Paramount brought into service two additional water disposal wells towards the end of the first quarter of 2020. These new wells are anticipated to reduce operating costs in the second quarter of 2020 and beyond by reducing the need to truck and dispose of water at third-party facilities. Trucking is expected to be reduced even further upon the start-up of the third-party Karr 6-18 expansion in the second half of 2020 as additional high-pressure pumps will facilitate increased transportation of water to the disposal wells. The Company estimates that with the addition of these wells and related infrastructure, water disposal capacity is now sufficient to meet development needs for the foreseeable future.
Drilling operations on 5 (5.0 net) wells on the 12-18 pad that commenced in the fourth quarter of 2019 were completed in the first quarter of 2020. New drill bit technology and improved directional drilling performance resulted in an 18 percent decrease in per meter costs on an Upper Montney well relative to equivalent wells on prior pads. Likewise, the Company saw improved efficiencies in its completion operations with a 25 percent increase in peak fracking stages per day at the 12-18 pad. Paramount continues to incorporate cost savings through design changes that maintain performance without compromising on completion effectiveness.
The streamlining of pad facility design combined with improved execution and strategic alliances with key vendors has proven effective in reducing equipping and tie-in costs. The Company anticipates savings of approximately 10 percent on upcoming pads with the potential for further reductions based on recent discussions with its key vendors. In aggregate, Paramount estimates that the all-in DCET cost on the 12-18 pad will average approximately $9.5 million per well; a new pacesetter cost for the Company. This compares with historic type well DCET costs of $12.3 million per well in Karr.
The Company plans to complete and bring on production all 10 (10.0 net) wells from the 2-1 pad, drilled in the fourth quarter of 2019, and the 12-18 pad over the remainder of the year in conjunction with the completion of the third-party Karr 6-18 processing facility expansion, expected in the second half of 2020. Paramount commenced the drilling of 5 (5.0 net) Montney wells on the 5-16 pad in the first quarter of 2020 with current plans to complete and bring the wells on production in 2021.

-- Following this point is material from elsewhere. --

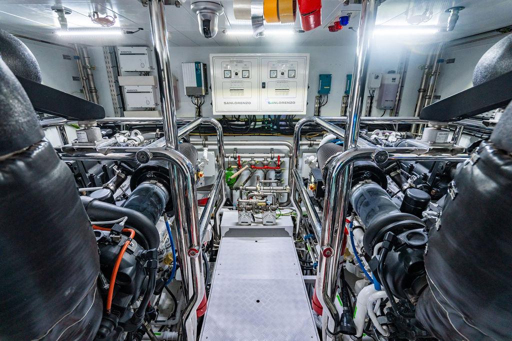 • Двигатели: Два CAT C32 по 1 622 л.с. каждый обеспечивают максимальную скорость 18 узлов, крейсерскую 14 узлов и максимальную дальность порядка 3 000 морских миль при экономичном ходе 11 узлов.

Production in the second and third quarters of 2020 will be impacted by the temporary shut-in of certain offsetting wells due to completion activities at both the 12-18 and 2-1 pads. As these wells resume production and wells on the 12-18 and 2-1 pads are brought onstream, production at Karr is expected to increase through the second half of the year. A scheduled one-week outage in May at the third-party operated Karr 6-18 facility, in relation to expansion activities, is currently underway and will also impact second quarter volumes.

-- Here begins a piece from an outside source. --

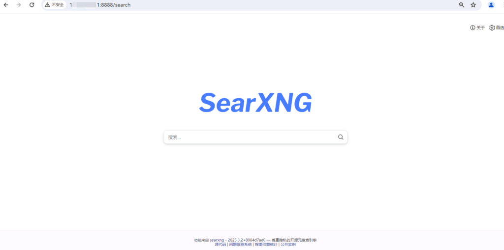 docker run -d -p 8888:8080 searxng/searxng通过http://localhost:8888即可访问:

The following table summarizes the performance of the wells on the 1-19 and 4-24 pads, as well as the five wells drilled in 2018 and the 27 wells drilled in the 2016/2017 capital program at Karr:
Peak 30-Day (1) | Cumulative (2) | ||||||
Total | Wellhead Liquids | CGR (3) | Total | Wellhead | CGR (3) | Days on | |
(Boe/d) | (Bbl/d) | (Bbl/MMcf) | (MBoe) | (MBbl) | (Bbl/MMcf) | ||
01-19 Pad | |||||||
03/13-29-065-05W6/0 | 1,704 | 1,209 | 407 | 205 | 138 | 343 | 141 |
03/14-29-065-05W6/0 | 1,357 | 1,067 | 611 | 120 | 91 | 518 | 122 |
04/13-29-065-05W6/0 | 1,566 | 1,170 | 493 | 161 | 117 | 450 | 136 |
Avg. per well | 1,542 | 1,149 | 486 | 162 | 115 | 412 | 133 |
04-24 Pad | |||||||
00/01-11-065-06W6/0 | 1,878 | 1,271 | 349 | 268 | 165 | 265 | 201 |
00/02-12-065-06W6/0 | 1,836 | 1,308 | 413 | 222 | 152 | 362 | 202 |
00/03-12-065-06W6/0 | 2,307 | 1,583 | 365 | 356 | 230 | 307 | 216 |
00/04-12-065-06W6/0 | 2,097 | 1,329 | 289 | 358 | 216 | 253 | 209 |
02/03-12-065-06W6/0 | 2,029 | 1,308 | 302 | 318 | 199 | 278 | 209 |
Avg. per well | 2,029 | 1,360 | 338 | 304 | 192 | 286 | 207 |
2018 Wells | |||||||
5 wells (Avg. per well) | 1,877 | 1,121 | 247 | 587 | 308 | 184 | 536 |
2016/2017 Wells | |||||||
27 wells | 1,969 | 1,171 | 245 | 707 | 356 | 169 | 776 |
(1) | Peak 30-Day is the highest daily average production rate over a 30-day consecutive period for each well, measured at the wellhead. Natural gas sales volumes are approximately 10 percent lower and liquids sales volumes are approximately 12 percent lower due to shrinkage. Excludes days when the wells did not produce. The production rates and volumes shown are 30-day peak rates over a short period of time and, therefore, are not necessarily indicative of average daily production, long-term performance or of ultimate recovery from the wells. These wells were produced at restricted rates from time-to-time due to facility and gathering system constraints. See ʺOil and Gas Measures and Definitionsʺ in the Advisories. |
(2) | Cumulative is the aggregate production measured at the wellhead to March 31, 2020. Natural gas sales volumes are approximately 10 percent lower and liquids sales volumes are approximately 12 percent lower due to shrinkage. These wells were produced at restricted rates from time-to-time due to facility and gathering system constraints. The production rates and volumes shown are not necessarily indicative of average daily production, long-term performance or of ultimate recovery from the wells. |
(3) | CGRs calculated by dividing raw wellhead liquids volumes by raw wellhead natural gas volumes. |
Wapiti
First quarter sales volumes at Wapiti averaged 7,209 Boe/d (66 percent liquids) compared to 11,498 Boe/d (66 percent liquids) in the fourth quarter of 2019. Production in the first quarter of 2020 was impacted by three outages at the third-party processing facility consisting of an unplanned outage in January of approximately 12 days (1,500 Boe/d), a planned outage in early March of approximately 7 days (1,100 Boe/d) and an unplanned outage in the second half of March of approximately 11 days (1,700 Boe/d). During the outages, both Paramount and the third-party operator capitalized on the downtime by conducting optimization and maintenance work that would have otherwise required future near-term outages. While it is expected that these activities will improve the reliability and efficiency of the processing facility and associated infrastructure, Paramount continues to assume a lower uptime factor until consistent reliability is exhibited.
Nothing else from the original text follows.